Mr. Muradian:  Let me ask you about stress and then capabilities development.

As you look at, from a Canadian standpoint but also a North American standpoint, because Canada’s Armed Forces are integral to the defense and security of the United States and vice versa.  A Canadian is the Vice Commander of NORAD, and the military cooperation is more intimate really than any other two nations in the world.  The world’s largest, longest unguarded border for example.

What do you see as the threat picture?  And what do you think are the specific capability sets?  Canada never really left great power competition because you border Russia.  You’ve been a key part of the North American Defense Alliance, whether through radar and other installations, whether fighter patrols that Canadian aircraft run every day to protect the mutual airspace of the nations and counter-deployments.  I can’t tell you how many Canadians I run into in the Pentagon, for example.
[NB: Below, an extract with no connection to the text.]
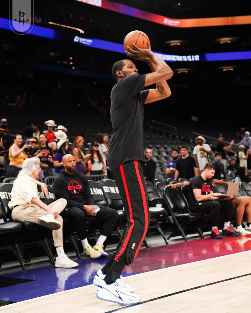 赛前,火箭官方社媒分享球员赛前训练的组图,凯文-杜兰特等球员出镜。

Talk to us a little bit about sort of the threat picture that you see in terms of the capabilities you need to develop.  Because your term was extended.  Congratulations on that.  But a key part of that is your ability to look into the future to develop those capabilities for the future.  So talk to us on both ends of that spectrum.

General Vance:  I’ll contain my comments I guess around the continental defense and NORAD. But don’t forget, the defense of Canada and the United States, the continent of North America, the true defense starts well off-shore as we seek a stable world, seek to encourage stability and ultimately respect for the rule of law and international norms.  That kind of world is not a threat to North America.

When that world then develops the capacity to attack North America in any number of threat vectors, whether they be kinetic or cyber or biological hazards, you name it, all of those threat vectors must be accounted for as we consider the defense of Canada.

As it relates to the United States, there are really, the principle binational command of NORAD, and as we said in our defense policy, the governments articulate in the defense policy, we’re going to modernize NORAD.  So NORAD is going to continue to do into the future what it has been doing up until now which is detect, characterize and respond to threats, air-breathing and non-air breathing that come through the airspace and those that would approach us in a maritime domain.

So that means we’ve got to look at the system that we have, the system of systems that we have, and ensure that it is capable, both technologically and from a timeliness perspective, so it must mature at the right time, both in terms of technology and its physical capacity to do so, deal with those threats.  Whether they be air-breathing, non-air breathing threats that come into the airspace uninvited, or anything else.

So that study is underway right now.  The deep look by NORAD and our Joint Staffs, General Dunford and I collaborated on this, we’ve got direction from our ministers to start to bring some options together.  That’s the beginning.

That will then turn into a program of activities that will have stuff, technology, and things that we need to buy and put in place, all the way through to concepts. How is it that you defend our homeland? Is everything reactive?  And into the future.  The mandate to me, to be able to conduct NORAD operations and contribute to NATO operations simultaneously.

It’s very clear in the defense policy that I must be able to manage concurrent operations on a broad scale.  So that’s new.  And that meant more aircraft.  The government has committed to more aircraft.  The qualitative aspects will be handled through, whatever company is selected will be by definition able to meet our requirement.  And that satisfies me.